Your task is to copy the data exactly while leaving out every picture.
Information shown section start
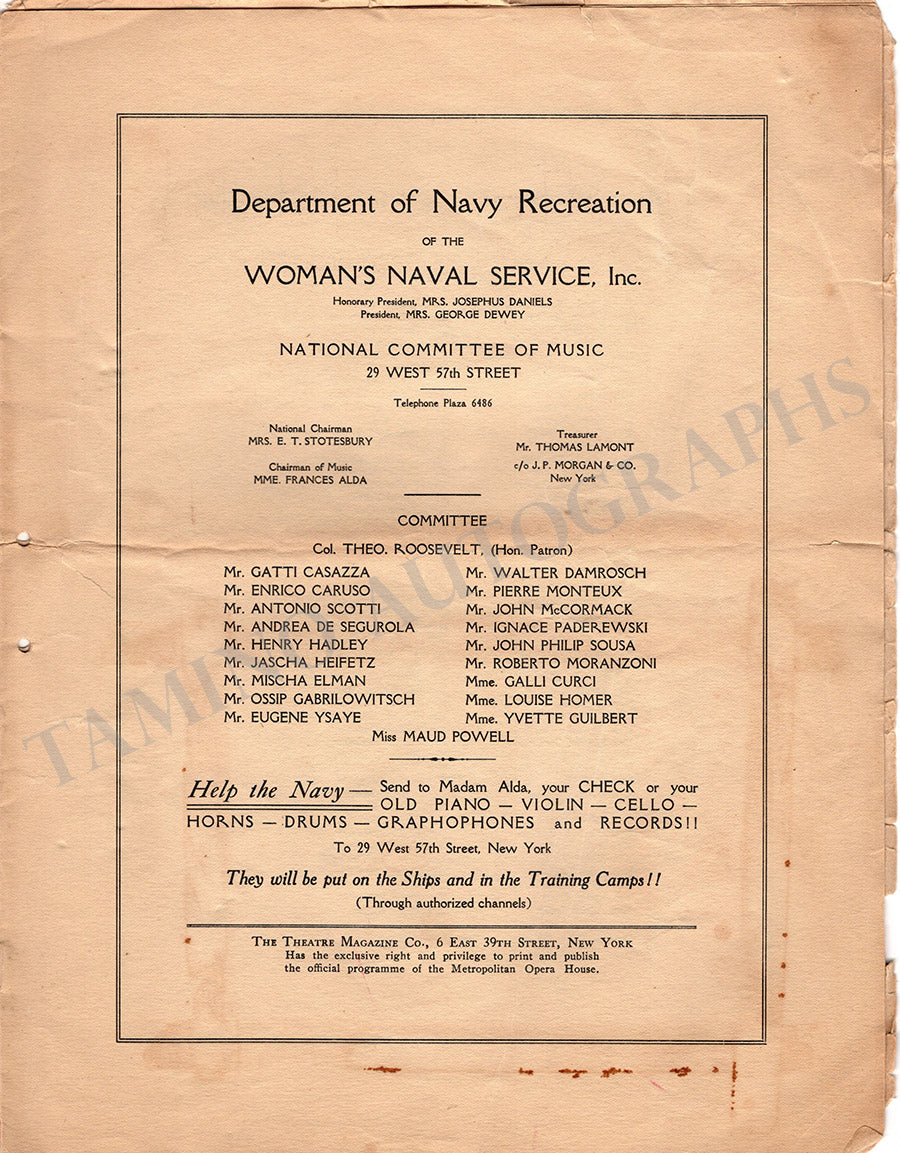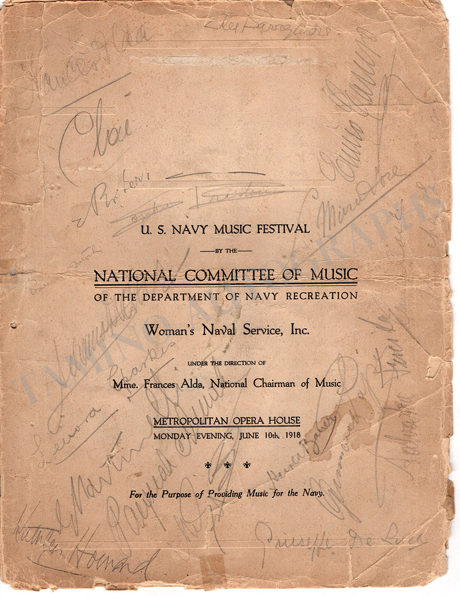 Original vintage program for a concert produced by the US Navy Festival at The Metropolitan Opera House, on June 10th, 1918, signed by different opera stars such as Enrico Caruso, Frances Alda, Giuseppe De Luca, Pasqual D'Amato, Giovanni Martinelli, Lucien Muratore, Salvatore Fusita, Anna Case, violinist Mischa Elman, and other artists, on the cover.
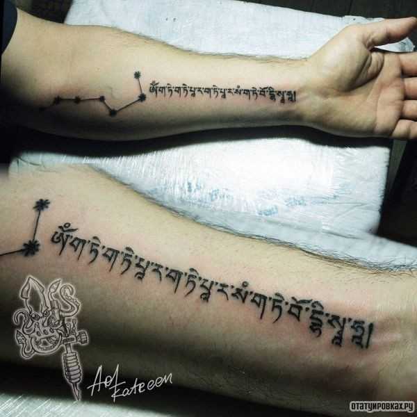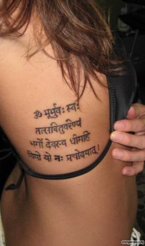 Мантрой называется, сочетание букв на санскрите. Правильное написание и произношение каждой буквы, очень важно, потому как значение мантры может меняться. Стоит очень ответственно подходить к повторению и ношению мантр на теле, так как их влияние на судьбу человека огромно. В основном мантры набивают мелким шрифтом, на лопатки, пальцы, предплечья, шею.
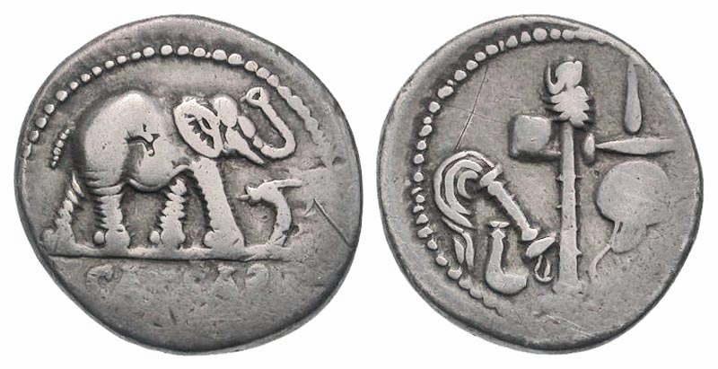 Lot 45-180. JULIUS CAESAR, Died March 15, 44BC. AR Denarius
Information shown section end
▶ [Solution below]
 Original vintage program for a concert produced by the US Navy Festival at The Metropolitan Opera House, on June 10th, 1918, signed by different opera stars such as Enrico Caruso, Frances Alda, Giuseppe De Luca, Pasqual D'Amato, Giovanni Martinelli, Lucien Muratore, Salvatore Fusita, Anna Case, violinist Mischa Elman, and other artists, on the cover.
 Мантрой называется, сочетание букв на санскрите. Правильное написание и произношение каждой буквы, очень важно, потому как значение мантры может меняться. Стоит очень ответственно подходить к повторению и ношению мантр на теле, так как их влияние на судьбу человека огромно. В основном мантры набивают мелким шрифтом, на лопатки, пальцы, предплечья, шею.
 Lot 45-180. JULIUS CAESAR, Died March 15, 44BC. AR Denarius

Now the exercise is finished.